I have rudimentary knowledge of evolution, and biology in general, so bear with me if this question is a bit naive.

Let's say we have a particular trait, like highly sensitive peripheral vision. There are two ways to go about explaining how this came about:

One is to say that evolution selected for it over time, because animals with a poor sensitivity to peripheral activity could easily become prey. So there is an advantage to having sensitive peripheral vision, and such a trait is adaptive. The picture I have in my mind is of an assembly line where there are randomly wired visual cortices and the best ones get selected for automatically. This seems to be the view of the field of evolutionary algorithms, at least to my mind.

Now, if we focus on the random nature of the wiring, we might see that there is an explosion of possibilities in terms of how the visual system can be wired together. After all, evolution is blind, and it doesn't know beforehand which physical signals are of interest.

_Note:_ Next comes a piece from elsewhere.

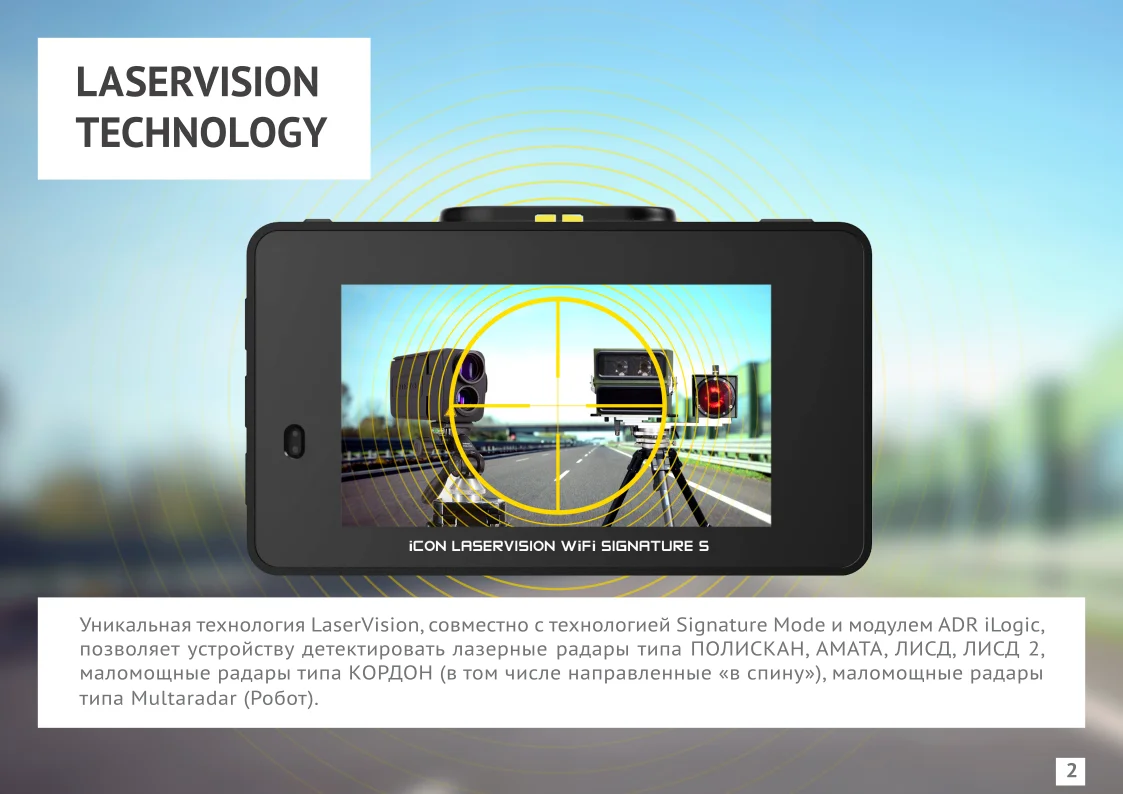 Технология LaserVision, совместно с технологией Signature Mode и модулем ADR iLogic, позволяет детектировать лазерные радары типа ПОЛИСКАН, АМАТА, ЛИСД, ЛИСД 2, маломощные радары типа КОРДОН и Multaradar (Робот), в том числе направленные «в спину».

I'm trying to think of a more plausible mechanistic explanation. Suppose we assume that given certain reliable properties of the physical world, like permanence of objects for example, evolution has found the optimal way to wire the visual cortex so that peripheral vision (and a host of other good-to-have features) is a natural outcome, then it would give us more focus in what environmental features and algorithms to look for. This can also be thought of as the idea that evolution, over time, has come to assume that certain things in the physical world will be a given and exploits these. (For example, objects in the peripheral areas of vision will tend to have different perceived velocities, so perhaps normalizing velocities across the field of vision automatically results in a need for higher sensitivity in that region. It just so happens that this could also be useful in detecting predators).

My question then is, is my assumption in the above paragraph valid? (Of course, the question then gets shifted to "Why normalize velocities across the visual field in the first place?").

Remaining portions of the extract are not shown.